== PROBLEM STATEMENT ==
For this task, extract exactly the lines of the data below, from the line containing "The sunken living" through the last one, with pictures left out.

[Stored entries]
• • •

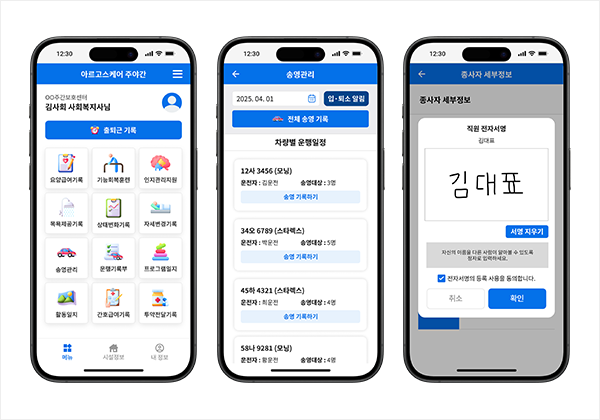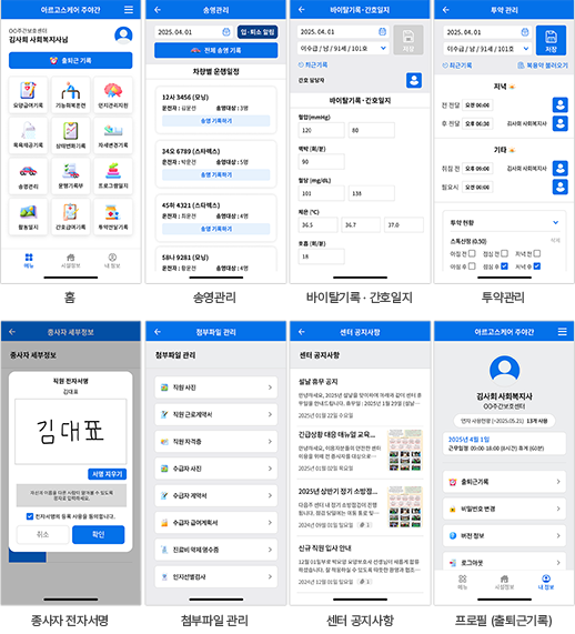 아르고스케어 장기요양기관 평가프로그램 모바일 앱을 사용하여, 주야간보호센터의 업무 기록을 편리하게 작성·관리할 수 있습니다.
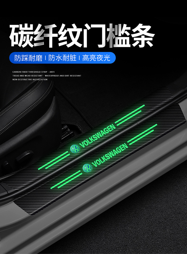 Автомобильные светящиеся пороговые полосы противоугомозащитные наклейки, защищенные от царапин, дверные педали, универсальные углеродные пайки для декоративных принадлежностей
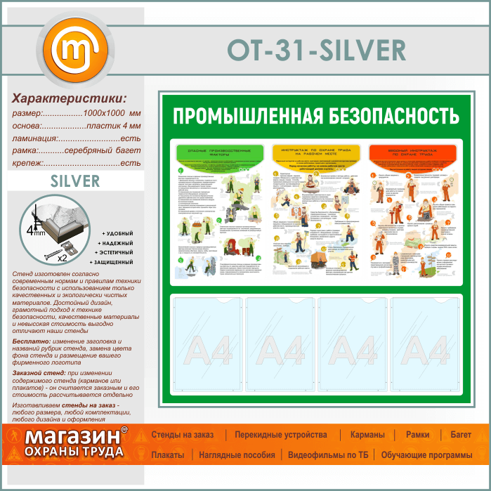 Стенд «Промышленная безопасность» с 4 карманами (OT-31-SILVER) в Новом Уренгое купить
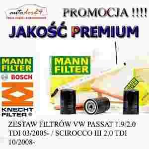 W skład zestawu wchodzą filtry czołowych światowych producentów segmentu PREMIUM takich jak MANN, BOSCH, KNECHT będących niejednokrotnie dostawcami na pierwsze wyposażenie dla koncernów motoryzacyjnych.
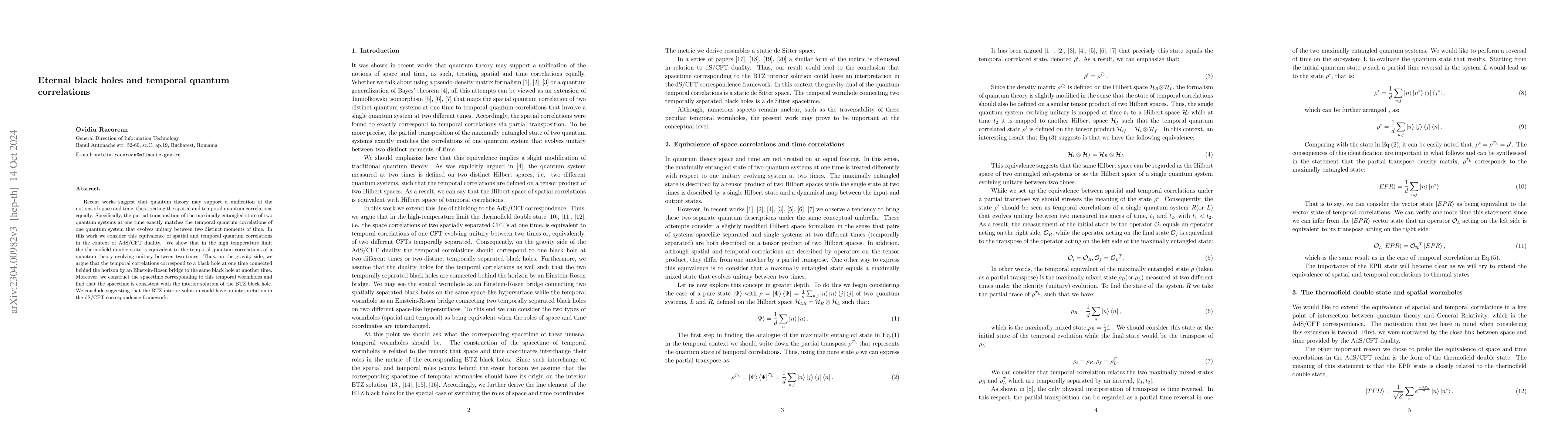 This paper explores the equivalence of spatial and temporal correlations in quantum theory, particularly in the context of the AdS/CFT correspondence. It proposes that the thermofield double state represents temporal correlations, analogous to a black hole connected by an Einstein-Rosen bridge, with the AdS-Schwarzschild black hole's interior solution representing the spacetime of this temporal wormhole.
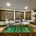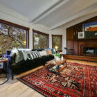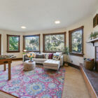 The sunken living room is a beautiful display of woodwork with its vaulted wood ceiling, gleaming expanse of hardwood floors, and massive wood fireplace with decorative tile. Majestic oaks surround the wide bay windows, creating the feel of a giant treehouse.
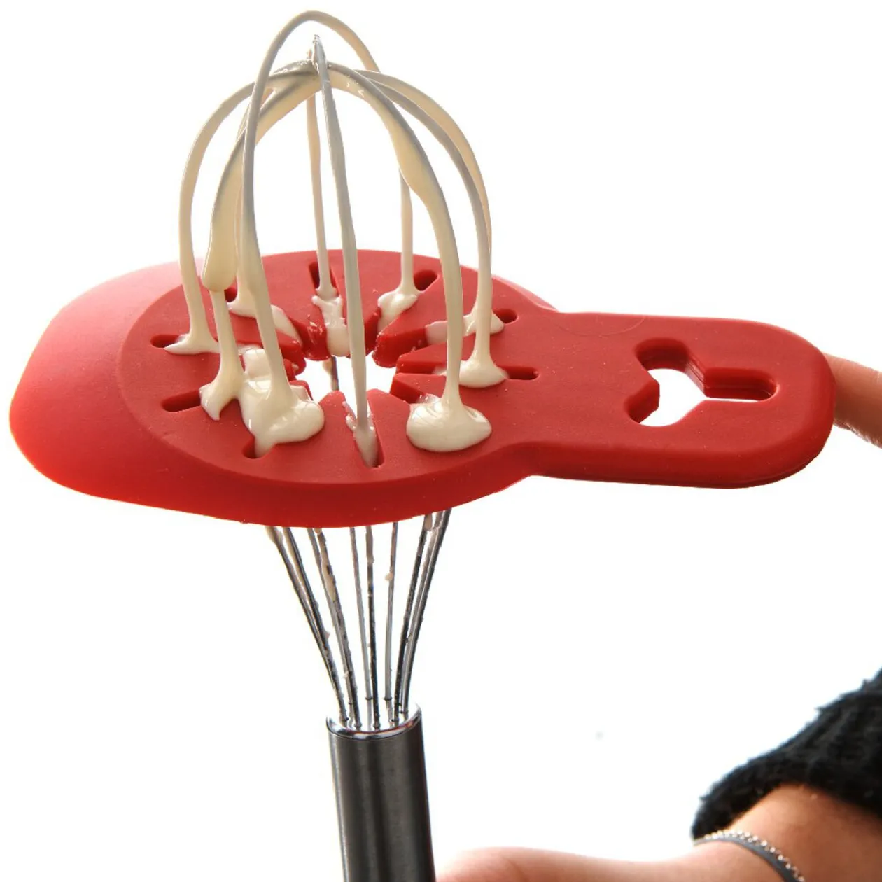 Idéal pour enlever facilement l’excédent ! Ce qui a séché sur le fouet est difficile à rincer. Mais c’est du passé ! Avec ce racloir, vous pouvez facilement racler les restes de pâte, de crème, de flan ou de sauce et continuer à cuisiner proprement. Existe en 3 couleurs (vert, rouge ou violet), couleur aléatoire suivant disponibilité en magasin.
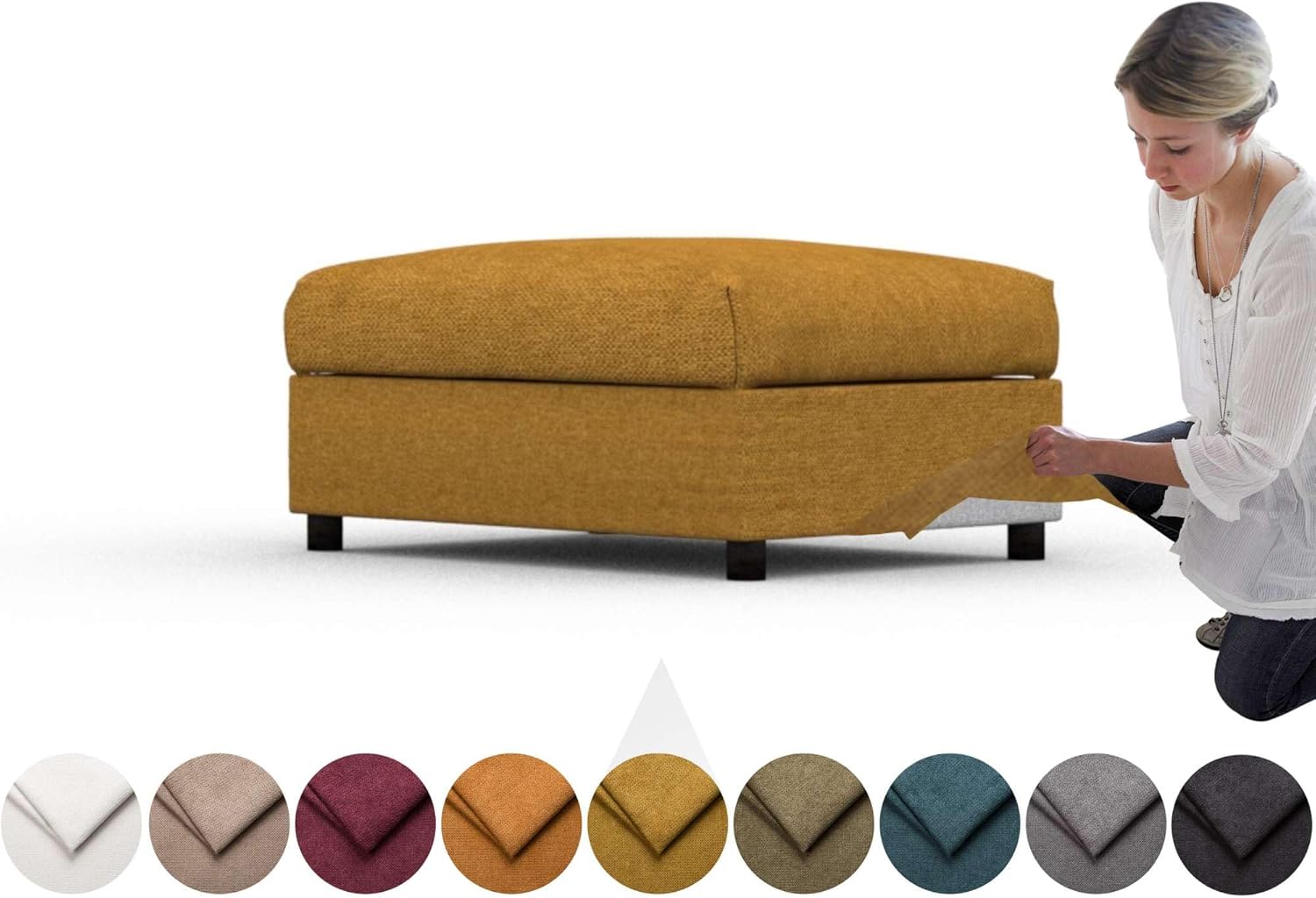 | Product Care Instructions | 1. Remove the existing Vimle Footstool slipcovers. 2. The Comfortly high-quality covers come in 2 separate pieces. Measure your footstool and compare the dimensions to the ones listed on the website before placing your order. 3. Once you have placed all of the covers in position, zip them up securely and enjoy your new furniture! We believe that comfort comes with INDIVIDUALITY, DETAILS and exceptional QUALITY., Machine wash at 40°C. Iron at a lower temperature. Tumble dry at low heat. |

• • •

== WRITTEN REPLY ==
 The sunken living room is a beautiful display of woodwork with its vaulted wood ceiling, gleaming expanse of hardwood floors, and massive wood fireplace with decorative tile. Majestic oaks surround the wide bay windows, creating the feel of a giant treehouse.
 Idéal pour enlever facilement l’excédent ! Ce qui a séché sur le fouet est difficile à rincer. Mais c’est du passé ! Avec ce racloir, vous pouvez facilement racler les restes de pâte, de crème, de flan ou de sauce et continuer à cuisiner proprement. Existe en 3 couleurs (vert, rouge ou violet), couleur aléatoire suivant disponibilité en magasin.
 | Product Care Instructions | 1. Remove the existing Vimle Footstool slipcovers. 2. The Comfortly high-quality covers come in 2 separate pieces. Measure your footstool and compare the dimensions to the ones listed on the website before placing your order. 3. Once you have placed all of the covers in position, zip them up securely and enjoy your new furniture! We believe that comfort comes with INDIVIDUALITY, DETAILS and exceptional QUALITY., Machine wash at 40°C. Iron at a lower temperature. Tumble dry at low heat. |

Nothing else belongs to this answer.